February 18, 2016
Deteriorated Groundwater Conditions Lead to Closure
The Coca-Cola company has stopped production at its disputed bottling plant in Kala Dera in Jaipur, and has no plans to resume operations, according to documents (in Hindi) obtained by the India Resource Center and interviews with workers.
Coca-Cola’s plant in Kala Dera has been the target of a sustained community-led campaign since 2003 accusing the company of exacerbating water shortages in the area as a result of indiscriminate mining of groundwater for its operations.
In 1998, the area’s groundwater was declared as overexploited – the worst category of groundwater in India, yet Coca-Cola built a new bottling plant in 2000.
Groundwater levels have plummeted ever since Coca-Cola began operations, and the increased difficulty in accessing groundwater from the depleted aquifer is one of the main reasons given by company officials for the plant’s closure.
The plant in Kala Dera has also incurred financial losses and will now serve solely as a storage and distribution center, according to a petition filed by the company.
Coca-Cola’s irresponsible business practices in Kala Dera – mining groundwater in a water scarce area which aggravated the water shortages for the farmers and residents in the area as a result – have been well documented.
In 2014, Dr. Aneel Karnani from the University of Michigan’s Stephen M. Ross School of Business found Coca-Cola’s corporate social responsibility claims around its bottling plant in Kala Dera in India to be lacking merit, and concluded that the company’s extraction of groundwater in the water stressed area lead to the “tragedy of the commons.”
In 2008, Coca-Cola paid for an assessment of some of its bottling plants in India, including Kala Dera, as the result of a student-led campaign at the University of Michigan. The Energy and Resources Institute (TERI), which conducted the study, recommended that Coca-Cola shut down its plant in Kala Dera because “the plant’s operations in this area would continue to be one of the contributors to a worsening water situation and a source of stress to the communities around.”
Coca-Cola ignored the recommendation.
Rameshwar Kudi, a retired government official who led the local campaign to shut the plant, welcomed the closure of the bottling plant but remained concerned about who will be held responsible for the loss of earnings for thousands of farmers in the area who were unable to farm successfully as the groundwater levels dropped sharply.
“We have campaigned for shutting the plant and we welcome the closure”, said Mahesh Yogi of the Kala Dera Sangharsh Samiti, a local group that has led the campaign. “However, Coca-Cola must also be held accountable for the damages it has caused to the farmers, to the watershed and to the community”.
“We have always known that Coca-Cola’s plant in Kala Dera would shut down one day because it would run out of water, as it has now. We would have preferred that Coca-Cola have acted responsibly and never operated in a highly water stressed area, or at the very least, shut down the plant when its own study asked it to eight years ago”, said Amit Srivastava of the India Resource Center that has campaigned internationally to bring pressure on Coca-Cola for water mismanagement in India.

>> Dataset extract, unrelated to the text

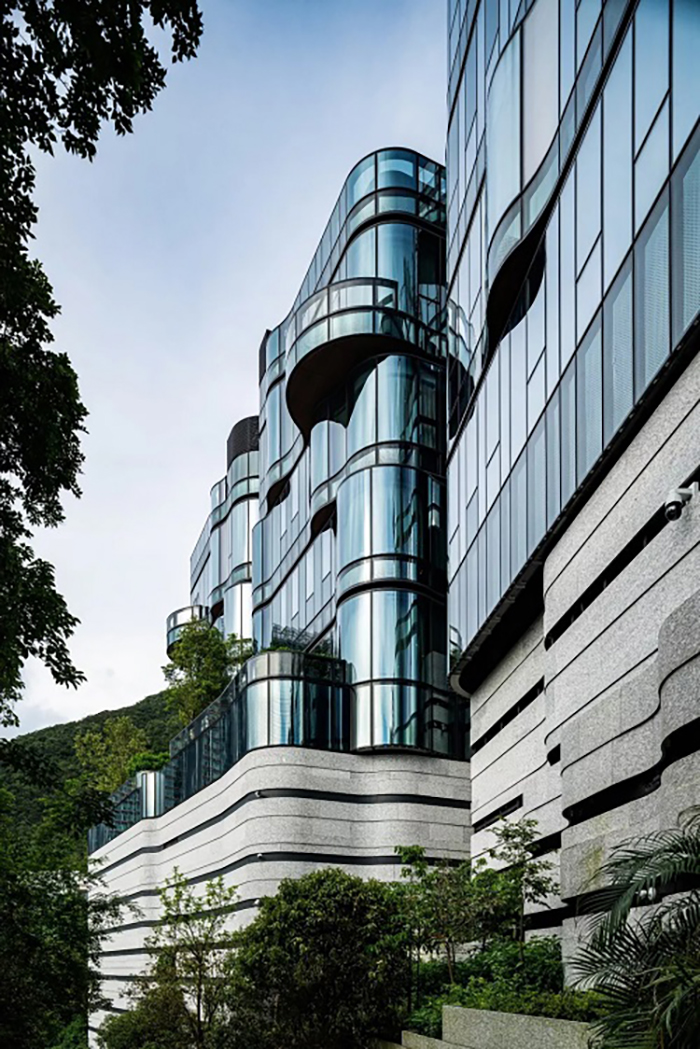地块周边满是枝繁叶茂的大树,郁郁葱葱,自然气息浓重。设计没有选择硬冷的四方形体量,而是就地取形,以浅水湾常见的海浪为蓝本,借用它富有律动、变化万千的线条勾勒建筑轮廓,让建筑变得生动、富有自然气息。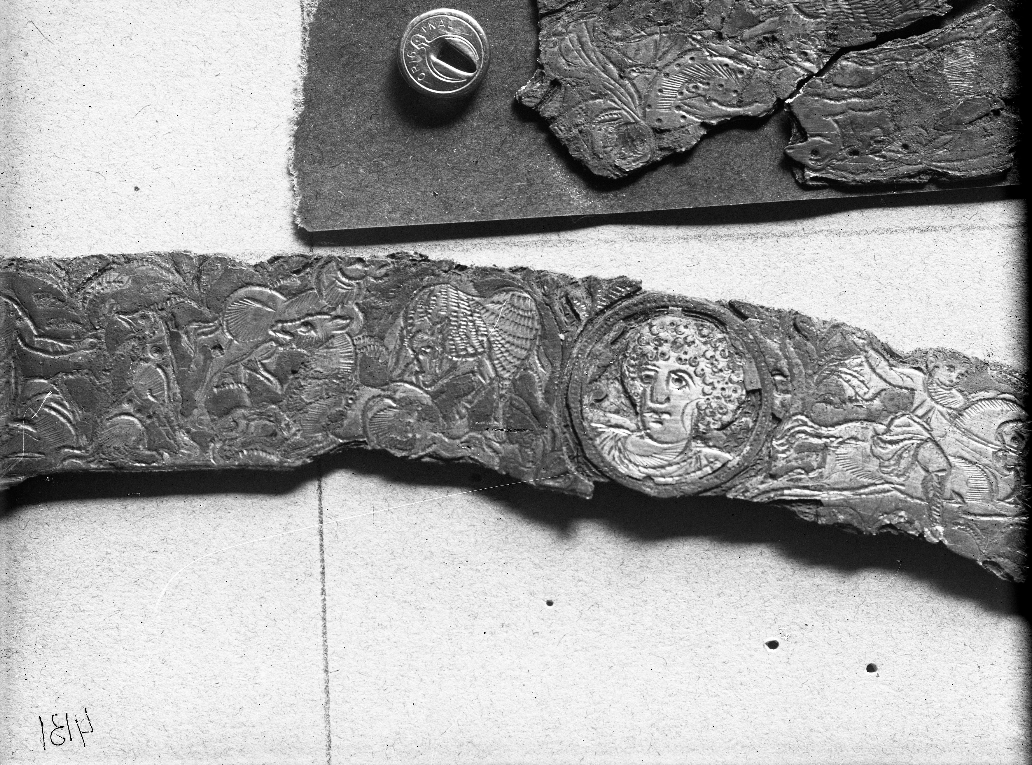 Missorium 1 da Cesena, rinvenimento sul Colle Garampo nel 1948. Particolare della decorazione dell'orlo, prima del restauro

“Coca-Cola and its investors must take responsibility for the depleted watershed and the financial loss to farmers because of the company’s complete lack of respect for the communities’ right to water which has led to the tragedy of the commons. Allowing Coca-Cola to just walk away after completely devastating the groundwater resources is not ethical, sets a bad precedent and the company must be held to account.”
The India Resource Center is also in touch with the workers – both permanent employees and contract workers – to ensure that the demands for a just transition for the laid off workers is met by the company.
Coca-Cola continues to face crisis in India due to their mismanagement of water resources, including the forced closure of their bottling plant by government authorities in Kerala in 2005, the closure of its 15 year old plant in Varanasi, the refusal by government authorities to allow a fully-built expansion plant to operate in Varanasi in August 2014, a proposed plant in Uttarakhand cancelled in April 2014 and the withdrawal of the land allocated for a new bottling plant by the government in Tamil Nadu due to large scale community protests in April 2015. The company is also currently the subject of a court ordered investigation as to whether its second largest plant in India has been illegally discharging untreated effluents.